How to use GPT-4 vision in python
Direct answer
Use the OpenAI Python SDK with the
gpt-4o model specifying an image message type to send images and text together for GPT-4 Vision capabilities.Setup
Install
pip install openai Env vars
OPENAI_API_KEY Imports
import os
from openai import OpenAI Examples
inSend an image of a cat and ask 'What animal is this?'
outThe image shows a cat.
inSend a photo of a street sign and ask 'What does this sign say?'
outThe sign says 'No Parking Between 8 AM and 6 PM.'
inSend a picture of a handwritten note and ask 'What is written here?'
outThe note says 'Meeting at 3 PM tomorrow.'
Integration steps
- Install the OpenAI Python SDK and set your API key in the environment variable OPENAI_API_KEY.
- Import the OpenAI client and initialize it with your API key from os.environ.
- Prepare the messages array including an image message with the image URL or base64 data and a user prompt.
- Call the chat.completions.create method with model='gpt-4o' and the messages array.
- Extract the response text from response.choices[0].message.content and handle it as needed.
Full code
import os
from openai import OpenAI
client = OpenAI(api_key=os.environ["OPENAI_API_KEY"])
# Example image URL (replace with your own image URL or base64 data)
image_url = "https://example.com/path/to/image.jpg"
messages = [
{
"role": "user",
"content": "What is shown in this image?",
"image": {"url": image_url}
}
]
response = client.chat.completions.create(
model="gpt-4o",
messages=messages
)
print("Response:", response.choices[0].message.content) output
Response: The image shows a scenic mountain landscape with a lake in the foreground.
API trace
Request
{"model": "gpt-4o", "messages": [{"role": "user", "content": "What is shown in this image?", "image": {"url": "https://example.com/path/to/image.jpg"}}]} Response
{"choices": [{"message": {"content": "The image shows a scenic mountain landscape with a lake in the foreground."}}], "usage": {"total_tokens": 75}} Extract
response.choices[0].message.contentVariants
Streaming GPT-4 Vision Response ›
Use streaming to display partial results immediately for better user experience with long image descriptions.
import os
from openai import OpenAI
client = OpenAI(api_key=os.environ["OPENAI_API_KEY"])
image_url = "https://example.com/path/to/image.jpg"
messages = [
{
"role": "user",
"content": "Describe this image in detail.",
"image": {"url": image_url}
}
]
response_stream = client.chat.completions.create(
model="gpt-4o",
messages=messages,
stream=True
)
for chunk in response_stream:
print(chunk.choices[0].delta.get('content', ''), end='') Async GPT-4 Vision Call ›
Use async calls to handle multiple concurrent GPT-4 Vision requests efficiently.
import os
import asyncio
from openai import OpenAI
async def main():
client = OpenAI(api_key=os.environ["OPENAI_API_KEY"])

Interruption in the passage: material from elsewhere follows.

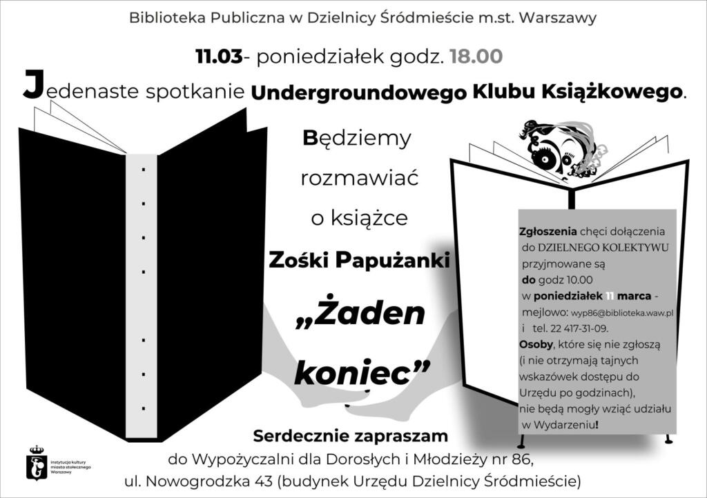 11 marca o godzinie 18:00 na jedenaste spotkanie Undergroundowego Klubu Książkowego.

image_url = "https://example.com/path/to/image.jpg"
messages = [
{
"role": "user",
"content": "What is in this image?",
"image": {"url": image_url}
}
]
response = await client.chat.completions.acreate(
model="gpt-4o",
messages=messages
)
print("Async Response:", response.choices[0].message.content)

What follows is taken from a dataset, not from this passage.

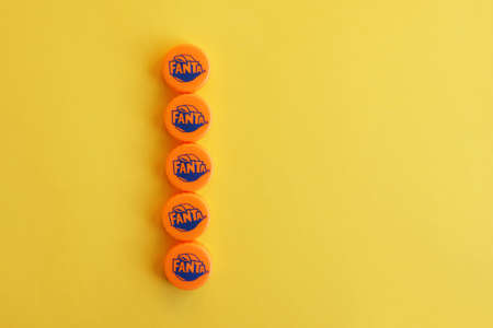 KHARKOV, UKRAINE - NOVEMBER 24, 2019: Many orange caps with fanta logo on yellow background
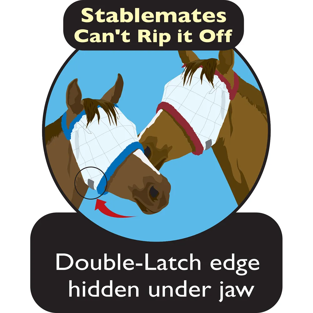 For additional safety to younger horses, the Foal and Yearling sizes do not have the double-latch closure. This allows the mask to come off easier in case of emergency.

asyncio.run(main()) Using Base64 Image Data Instead of URL ›
Use base64 image data when you cannot host the image publicly or want to send local images directly.
import os
from openai import OpenAI
import base64
client = OpenAI(api_key=os.environ["OPENAI_API_KEY"])
# Load image and encode as base64
with open("./image.jpg", "rb") as img_file:
b64_image = base64.b64encode(img_file.read()).decode("utf-8")
messages = [
{
"role": "user",
"content": "What is in this image?",
"image": {"base64": b64_image}
}
]
response = client.chat.completions.create(
model="gpt-4o",
messages=messages
)
print("Response:", response.choices[0].message.content) Performance
Latency~1.5s for typical GPT-4 Vision image-text queries
Cost~$0.03 per 1,000 tokens including image processing
Rate limitsTier 1: 300 RPM / 15K TPM for GPT-4 Vision
- Keep prompts concise to reduce token usage.
- Avoid sending very large images; resize before encoding.
- Batch multiple questions in one request to save overhead.
| Approach | Latency | Cost/call | Best for |
|---|---|---|---|
| Standard GPT-4 Vision call | ~1.5s | ~$0.03 | Simple image + text queries |
| Streaming GPT-4 Vision | Starts ~0.5s, streams | ~$0.03 | Long descriptive outputs |
| Async GPT-4 Vision | ~1.5s concurrent | ~$0.03 | High concurrency scenarios |
Quick tip
Always include the image data as an 'image' field inside the user message to enable GPT-4 Vision multimodal input.
Common mistake
Forgetting to include the image data inside the message object causes the model to ignore the image input.